E.                    Par ordonnances du 10 juin 2016, la juge du tribunal de police s’en est tenue aux remarques formulées antérieurement et, au terme d’une motivation sur laquelle on reviendra plus loin en détail, elle a arrêté l’indemnité de Me D.________ à 16'351 francs, y compris frais, débours et TVA, soit moins que les 17'581.20 francs antérieurement annoncés (même compte tenu de la correction apportée par l’avocate, qui représentait 936 francs d’honoraires) ; en faveur de Me C.________, l’indemnité a été arrêtée à un total de 12'035.90 francs, soit un peu plus que les 11'446.85 francs annoncés antérieurement.

F.                     Par mémoire du 27 juin 2016, Me C.________ recourt contre la décision arrêtant son indemnité d’avocat d’office, laquelle lui est parvenue le 17 juin 2016. Il conclut à l'octroi d'une indemnité de 14'009.70 francs, frais et TVA compris. Il critique successivement les six motifs de réduction retenus par la première juge, portant sur le temps consacré aux contacts avec les autres mandataires ; à la rédaction de notes internes ; à l’étude du dossier ; aux recherches juridiques et à la préparation des audiences ; aux correspondances adressées au mandant ; aux frais d’ouverture du dossier et enfin à la comparution aux audiences tenues « après le 27 janvier 2016 ». On reviendra plus loin sur l’examen de ces différentes questions.

G.                    La première juge ne formule pas d’observation ni de conclusion.

                        Quant à Y1________, son adresse actuelle, vraisemblablement en France, n’est pas connue avec précision.

CONSIDERANT

1.                            Déposé en temps utile et dans les formes prescrites par la loi, le recours est recevable (l’Autorité de céans étant compétente, selon l’art. 135 al. 3 let. a CPP, que l’indemnité ait été fixée ou non dans le jugement au fond). On ne saurait considérer que le fait de s’en remettre à l’appréciation de la première juge, le 5 avril 2016, emporte renonciation valable et définitive à recourir, quel que soit l’usage fait de cette appréciation.

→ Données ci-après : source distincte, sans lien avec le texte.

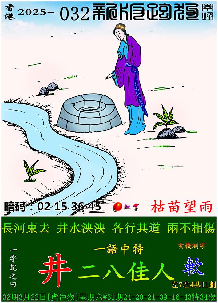 032期新版跑狗一字記之曰:【井】 玄機測字:《軟》 一語中特:二八佳人

2.                            Pour fixer l'indemnité de l'avocat d'office, l'autorité doit tenir compte de la nature et de l'importance de la cause, des difficultés particulières que celle-ci peut présenter en fait et en droit, du temps que l'avocat lui a consacré, de la qualité de son travail, du nombre des conférences, audiences et instances auxquelles il a pris part, du résultat obtenu ainsi que de la responsabilité assumée (arrêts du TF du 16.01.2009 [6B_947/2008] , cons. 2 et du 25.05.2011 [6B_810/2010]). Seuls doivent être indemnisés les prestations et frais nécessaires à la défense du prévenu (arrêt du TF du 19.11.2007 [2C_509/2007] , cons. 4). Les activités qui ne sont pas nécessaires à la défense des intérêts de l'assisté ou consistent en un soutien moral ne sont ainsi pas rémunérées (arrêt du TF du 30.01.2003 [5P.462/2002] , cons. 2.3). La rémunération intervient conformément au tarif cantonal (art. 135 al. 1 CPP) qui, à Neuchâtel, prévoit un montant horaire de 180 francs pour un avocat et de 110 francs pour un avocat-stagiaire, TVA non comprise (art. 55 TFrais), auquel s'ajoutent les frais de déplacement et autres frais de bureau (art. 56 et 57 TFrais).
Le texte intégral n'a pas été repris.